Brazil had attended the competition without two of their most notable players, defender Domingos da Guia (champion with Boca Juniors two years before) and striker Leonidas da Silva, nicknamed the Black Diamond. The tournament was played in a single round-robin system, but Argentina and Brazil finished tied on points, meaning a playoff match was required to determine a champion, according to the rules in force.

The match was held in San Lorenzo stadium, were both teams played hard, committing several number of fouls. After Brazilian player Domingos Spitalletti kicked Francisco Varallo violently in the 36th minute, a riot involving all the players (even some substitutes) started. After a hiatus of 40', the match restarted. Nevertheless, just two minutes a new riot happened after Cunha hit Cherro on his face.

For the second half Carlos Peucelle replaced Cherro and veteran Bernabé Ferreyra substituted Zozaya. 19-year-old
Independiente forward Vicente de la Mata replaced Varallo, who had been injured; De la Mata had played in the loss to Uruguay, and had a poor performance.
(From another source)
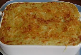 4) Recouvrir le tout de purée maison, saupoudrer de fromage râpé.

As the score was tied 0–0 when 90 minutes expired, two 15-minute halves of extra time were required to determine the champion: during the extra time, de la Mata scored two goals within four minutes, allowing Argentina to win its fifth South American championship.

The match ended at almost 2 a.m. in Buenos Aires. According to the press, Argentine forward Enrique García was the man of the match.

==Match details==
February 1, 1937
ARG 2-0 BRA
  ARG: De la Mata 102', 112'

| GK | | Fernando Bello |
| RB | | Oscar Tarrío |
| LB | | Luis Fazio |
| RH | | Antonio Sastre |
| CH | | Ernesto Lazzatti |
| LH | | Celestino Martínez |
| OR | | Enrique Guaita |
| IR | | Francisco Varallo | | |
| CF | | Alberto Zozaya | | |
| IL | | Roberto Cherro | | |
| OL | | Enrique García |
Substitutions:
| OR | | Carlos Peucelle | | |
| CF | | Bernabé Ferreyra | | |
| IR | | Vicente de la Mata | | |
Manager:
Manuel Seoane

| GK | | Jurandir |
| RB | | Carnera |
| LB | | Jaú |
| RH | | Britto |
| CH | | Brandão |
| LH | | Afonsinho |
| OR | | Roberto | | |
| IR | | Luisinho | | |
| CF | | Cardeal | | |
| IL | | Tim |
| OL | | Patesko |
Substitutions:
| FW | | Carreiro | | |
| FW | | Bahia | | |
| FW | | Carvalho Leite | | |
Manager:
Adhemar Pimenta

==Aftermath==
Some journalist consider this match the beginning of the Argentina–Brazil football rivalry. This tournament was also the closure of an era with the Argentine squad for some of the most notable players such as Enrique Guaita, Alberto Zozaya, Alejandro Scopelli, Bernabé Ferreyra, Carlos Peucelle and Francisco Varallo.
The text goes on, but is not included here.